Coca-Cola bottles are displayed during a preview of the High Museum’s new exhibit, “The Coca-Cola Bottle: An American Icon at 100″, Wednesday, Feb. 25, 2015, in Atlanta. The exhibit, opening Feb. 28, explores the iconic design and creative legacy of the familiar soda bottle as art. (AP Photo/Branden Camp)

The Coca-Cola KO -2.63% Company announced today that it may owe $3.3 billion in additional federal income taxes. In a form 8-K filed with the U.S. Securities and Exchange Commission, the company revealed that following a five year audit for the tax years 2007 – 2009, the Internal Revenue Service (IRS) issued a Notice of Deficiency claiming an additional federal income tax liability of approximately $3.3 billion plus interest. No penalties have been assessed.

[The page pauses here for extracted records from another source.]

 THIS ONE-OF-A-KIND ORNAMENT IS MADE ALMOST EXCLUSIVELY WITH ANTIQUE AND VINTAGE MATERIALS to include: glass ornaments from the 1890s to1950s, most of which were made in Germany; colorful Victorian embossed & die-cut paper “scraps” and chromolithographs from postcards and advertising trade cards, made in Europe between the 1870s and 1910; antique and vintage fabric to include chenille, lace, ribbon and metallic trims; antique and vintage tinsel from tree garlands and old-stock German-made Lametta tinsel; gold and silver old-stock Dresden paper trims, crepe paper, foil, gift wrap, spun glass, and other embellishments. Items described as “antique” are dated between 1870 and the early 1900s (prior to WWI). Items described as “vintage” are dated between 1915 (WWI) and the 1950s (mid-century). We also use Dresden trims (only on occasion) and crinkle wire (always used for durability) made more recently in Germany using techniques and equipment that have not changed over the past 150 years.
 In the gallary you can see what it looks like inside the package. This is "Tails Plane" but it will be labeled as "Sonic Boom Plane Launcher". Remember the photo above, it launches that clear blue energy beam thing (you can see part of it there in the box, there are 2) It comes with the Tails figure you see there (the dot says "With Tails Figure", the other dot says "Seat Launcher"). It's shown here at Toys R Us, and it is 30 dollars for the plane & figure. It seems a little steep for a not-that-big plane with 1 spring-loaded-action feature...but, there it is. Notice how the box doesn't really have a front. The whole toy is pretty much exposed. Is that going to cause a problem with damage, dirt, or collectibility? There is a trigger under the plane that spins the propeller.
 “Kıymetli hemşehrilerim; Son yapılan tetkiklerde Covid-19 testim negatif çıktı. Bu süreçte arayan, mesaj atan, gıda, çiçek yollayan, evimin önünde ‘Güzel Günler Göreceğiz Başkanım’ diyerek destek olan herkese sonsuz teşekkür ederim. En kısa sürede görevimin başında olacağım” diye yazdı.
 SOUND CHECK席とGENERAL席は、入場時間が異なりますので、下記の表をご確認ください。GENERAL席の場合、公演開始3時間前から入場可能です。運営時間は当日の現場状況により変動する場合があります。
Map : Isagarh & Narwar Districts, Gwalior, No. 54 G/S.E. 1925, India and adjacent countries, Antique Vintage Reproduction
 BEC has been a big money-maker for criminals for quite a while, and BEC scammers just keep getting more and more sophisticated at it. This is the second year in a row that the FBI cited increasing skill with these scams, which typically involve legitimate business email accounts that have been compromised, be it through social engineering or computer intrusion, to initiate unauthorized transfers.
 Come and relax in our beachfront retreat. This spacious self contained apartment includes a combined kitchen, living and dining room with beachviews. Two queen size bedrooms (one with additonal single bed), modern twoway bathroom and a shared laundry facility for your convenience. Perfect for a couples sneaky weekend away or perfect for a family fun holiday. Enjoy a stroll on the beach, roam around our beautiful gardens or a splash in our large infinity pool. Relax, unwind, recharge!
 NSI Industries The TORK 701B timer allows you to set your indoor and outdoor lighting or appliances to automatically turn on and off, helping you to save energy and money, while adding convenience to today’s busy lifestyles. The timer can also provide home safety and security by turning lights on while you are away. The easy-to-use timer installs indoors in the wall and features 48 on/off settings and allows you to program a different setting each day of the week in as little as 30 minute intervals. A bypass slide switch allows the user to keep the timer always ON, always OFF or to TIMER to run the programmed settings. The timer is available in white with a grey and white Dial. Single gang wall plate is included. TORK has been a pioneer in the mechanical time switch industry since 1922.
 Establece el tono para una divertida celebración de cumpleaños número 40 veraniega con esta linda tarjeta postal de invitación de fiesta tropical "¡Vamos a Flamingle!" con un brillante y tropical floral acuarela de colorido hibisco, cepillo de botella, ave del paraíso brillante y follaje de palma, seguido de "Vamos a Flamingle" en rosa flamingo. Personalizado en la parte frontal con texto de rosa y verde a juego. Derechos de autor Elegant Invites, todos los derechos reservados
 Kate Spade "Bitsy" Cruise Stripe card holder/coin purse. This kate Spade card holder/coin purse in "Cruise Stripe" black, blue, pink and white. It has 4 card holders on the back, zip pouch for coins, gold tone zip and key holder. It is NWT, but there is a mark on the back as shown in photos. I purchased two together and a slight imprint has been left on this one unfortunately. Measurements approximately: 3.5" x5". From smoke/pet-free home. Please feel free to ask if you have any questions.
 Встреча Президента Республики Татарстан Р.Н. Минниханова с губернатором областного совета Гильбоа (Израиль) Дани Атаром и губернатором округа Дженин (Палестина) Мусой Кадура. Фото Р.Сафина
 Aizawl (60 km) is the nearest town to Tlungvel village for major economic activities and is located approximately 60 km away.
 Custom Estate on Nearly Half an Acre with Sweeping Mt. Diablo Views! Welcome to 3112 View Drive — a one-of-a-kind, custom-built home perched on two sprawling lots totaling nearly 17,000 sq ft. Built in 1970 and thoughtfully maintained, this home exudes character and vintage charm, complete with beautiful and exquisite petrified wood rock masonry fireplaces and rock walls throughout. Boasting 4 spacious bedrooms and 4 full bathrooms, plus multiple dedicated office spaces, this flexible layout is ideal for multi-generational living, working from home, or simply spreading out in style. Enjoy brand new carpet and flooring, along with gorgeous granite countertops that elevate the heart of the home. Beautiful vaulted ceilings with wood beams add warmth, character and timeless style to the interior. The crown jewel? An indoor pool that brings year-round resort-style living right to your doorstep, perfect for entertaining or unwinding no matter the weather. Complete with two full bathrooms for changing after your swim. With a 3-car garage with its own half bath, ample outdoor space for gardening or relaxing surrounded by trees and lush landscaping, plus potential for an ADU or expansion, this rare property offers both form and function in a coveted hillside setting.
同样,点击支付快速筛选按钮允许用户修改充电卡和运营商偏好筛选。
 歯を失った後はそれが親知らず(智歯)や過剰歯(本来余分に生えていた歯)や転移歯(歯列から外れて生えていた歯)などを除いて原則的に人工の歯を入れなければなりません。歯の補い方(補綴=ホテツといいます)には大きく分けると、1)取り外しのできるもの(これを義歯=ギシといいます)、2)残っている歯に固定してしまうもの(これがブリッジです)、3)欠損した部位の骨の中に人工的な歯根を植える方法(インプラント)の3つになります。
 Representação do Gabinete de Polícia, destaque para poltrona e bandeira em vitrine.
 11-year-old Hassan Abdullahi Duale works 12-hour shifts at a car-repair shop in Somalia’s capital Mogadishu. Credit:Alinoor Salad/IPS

Coca-Cola stated that the additional tax is related to a transfer pricing dispute. Transfer pricing is a tricky concept affecting multinational corporations. In a typical scenario, a parent company may set up a number of subsidiary companies all over the world and move goods, services and assets from one to another. That’s completely okay. However, transactions between those companies are supposed to be at “arm’s length” meaning that the goods, services and assets are transferred for the same price as they would have been between unrelated parties. But often, that’s not what happens. With a wink...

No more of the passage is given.